┌────────

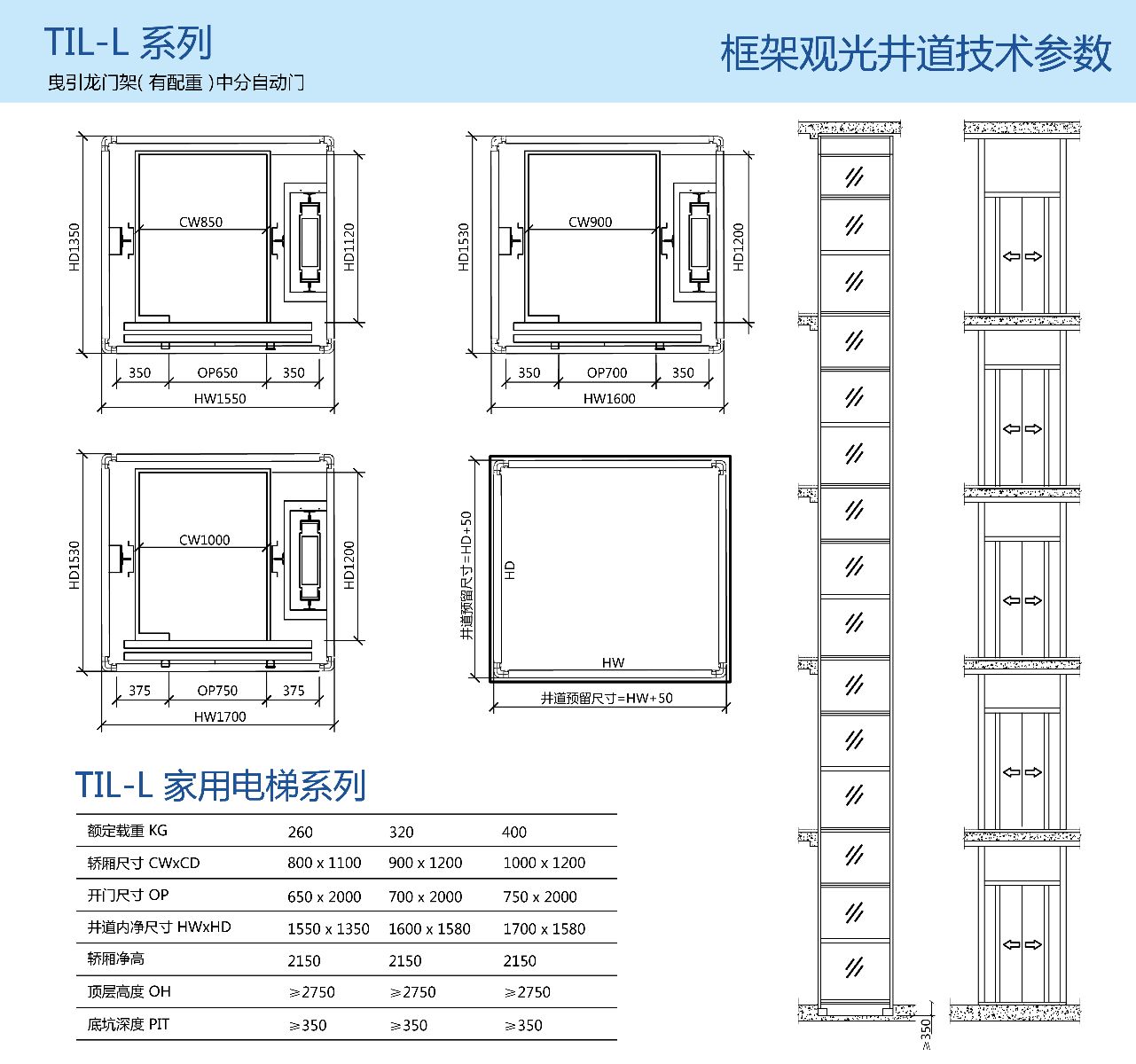 - 龍門架結構,左右二側均有導軌,便電梯運行更舒適,更安全;
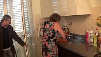 He is caught masturbating by a mature brunette.
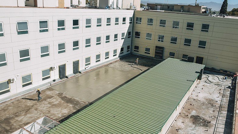 Entre las tareas de relevancia, se desarrolló la impermeabilización total de la azotea, la cual se está llevando a cabo en óptimas condiciones. También se avanza con la remoción de baldosas cerámicas y membrana en mal estado, extracción de aislación termo-acústica de pomeca puzolánica y reparación de bocas de tormenta. Asimismo, se lleva a cabo la ejecución de la carpeta de nivelación y asiento de la impermeabilización, limpieza y aplicación de la malla de refuerzo con membrana líquida.
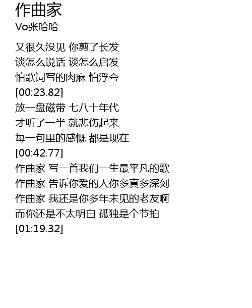 | [00:44.36] | 作曲家 写一首我们一生最平凡的歌 |

└────────

▶ ASSIGNED TASK
The expected result is the data above in exact form, free of pictures.

▶ SOLUTION
 - 龍門架結構,左右二側均有導軌,便電梯運行更舒適,更安全;
 He is caught masturbating by a mature brunette.
 Entre las tareas de relevancia, se desarrolló la impermeabilización total de la azotea, la cual se está llevando a cabo en óptimas condiciones. También se avanza con la remoción de baldosas cerámicas y membrana en mal estado, extracción de aislación termo-acústica de pomeca puzolánica y reparación de bocas de tormenta. Asimismo, se lleva a cabo la ejecución de la carpeta de nivelación y asiento de la impermeabilización, limpieza y aplicación de la malla de refuerzo con membrana líquida.
 | [00:44.36] | 作曲家 写一首我们一生最平凡的歌 |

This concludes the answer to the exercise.